Let's write our own `memcpy()` to try this out. We can copy bytes
(`char`s), and we know the number of bytes because it's passed in.

``` {.c}
void *my_memcpy(void *dest, void *src, int byte_count)
{
    // Convert void*s to char*s
    char *s = src, *d = dest;

    // Now that we have char*s, we can dereference and copy them
    while (byte_count--) {
        *d++ = *s++;
    }

    // Most of these functions return the destination, just in case
    // that's useful to the caller.
    return dest;
}
```

Right there at the beginning, we copy the `void*`s into `char*`s so that
we can use them as `char*`s. It's as easy as that.

Then some fun in a while loop, where we decrement `byte_count` until it
becomes false (`0`). Remember that with post-decrement, the value of the
expression is computed (for `while` to use) and _then_ the variable is
decremented.

And some fun in the copy, where we assign `*d = *s` to copy the byte,
but we do it with post-increment so that both `d` and `s` move to the
next byte after the assignment is made.

Lastly, most memory and string functions return a copy of a pointer to
the destination string just in case the caller wants to use it.

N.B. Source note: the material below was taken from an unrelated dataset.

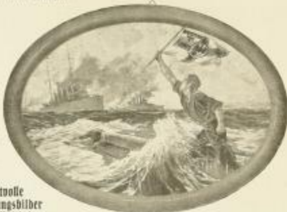
Der letzte Mann.

Ein Bild bei Kämpfern... I. Künstlicher Lichtdruck III. 4.—, in Eiche gerahmt (34 x 53 cm) III. 13.—, oval gerahmt (36 x 44 cm) III. 15.—, oval. II. Einfarbiger Hand-Kupferdruck III. 15.—, in Eiche gerahmt (72 x 92 cm) III. 50.—, oval. III. Farbiges Hand-Kupferdruck III. 20.—, in Eiche gerahmt (72 x 92 cm) III. 100.—, oval. Vergroßert: I. Bildgröße 21 x 27 cm, mit Rahmen 28 x 36 cm III. 4.—, oval. II. Bildgröße 30 x 34 cm, mit Rahmen 38 x 42 cm III. 25.—, oval. III. Bildgröße wie bei II. III. 40.—, oval.
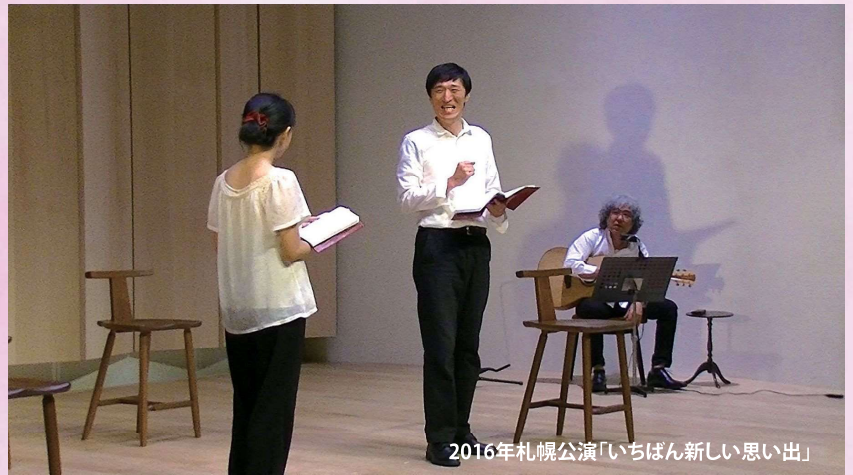
2016年札幌公演「いちばん新しい思い出」

Now that we've done that, I just want to quickly point out that we can
use this technique to iterate over the bytes of _any_ object in C,
`float`s, `struct`s, or anything!


[Let's]{#qsort-example} run one more real-world example with the
built-in `qsort()` routine that can sort _anything_ thanks to the magic
of `void*`s.

(In the following example, you can ignore the word `const`, which we
haven't covered yet.)

``` {.c .numberLines}
#include <stdio.h>
#include <stdlib.h>

// The type of structure we're going to sort
struct animal {
    char *name;
    int leg_count;
};

// This is a comparison function called by qsort() to help it determine
// what exactly to sort by. We'll use it to sort an array of struct
// animals by leg_count.
int compar(const void *elem1, const void *elem2)
{
    // We know we're sorting struct animals, so let's make both
    // arguments pointers to struct animals
    const struct animal *animal1 = elem1;
    const struct animal *animal2 = elem2;

    // Return <0 =0 or >0 depending on whatever we want to sort by.

    // Let's sort ascending by leg_count, so we'll return the difference
    // in the leg_counts
    return animal1->leg_count - animal2->leg_count;
}

int main(void)
{
    // Let's build an array of 4 struct animals with different
    // characteristics. This array is out of order by leg_count, but
    // we'll sort it in a second.
    struct animal a[4] = {
        {.name="Dog", .leg_count=4},
        {.name="Monkey", .leg_count=2},
        {.name="Antelope", .leg_count=4},
        {.name="Snake", .leg_count=0}
    };

    // Call qsort() to sort the array. qsort() needs to be told exactly
    // what to sort this data by, and we'll do that inside the compar()
    // function.
    //
    // This call is saying: qsort array a, which has 4 elements, and
    // each element is sizeof(struct animal) bytes big, and this is the
    // function that will compare any two elements.
    qsort(a, 4, sizeof(struct animal), compar);

    // Print them all out
    for (int i = 0; i < 4; i++) {
        printf("%d: %s\n", a[i].leg_count, a[i].name);
    }
}
```

As long as you give `qsort()` a function that can compare two items that
you have in your array to be sorted, it can sort anything. And it does
this without needing to have the types of the items hardcoded in there
anywhere. `qsort()` just rearranges blocks of bytes based on the results
of the `compar()` function you passed in.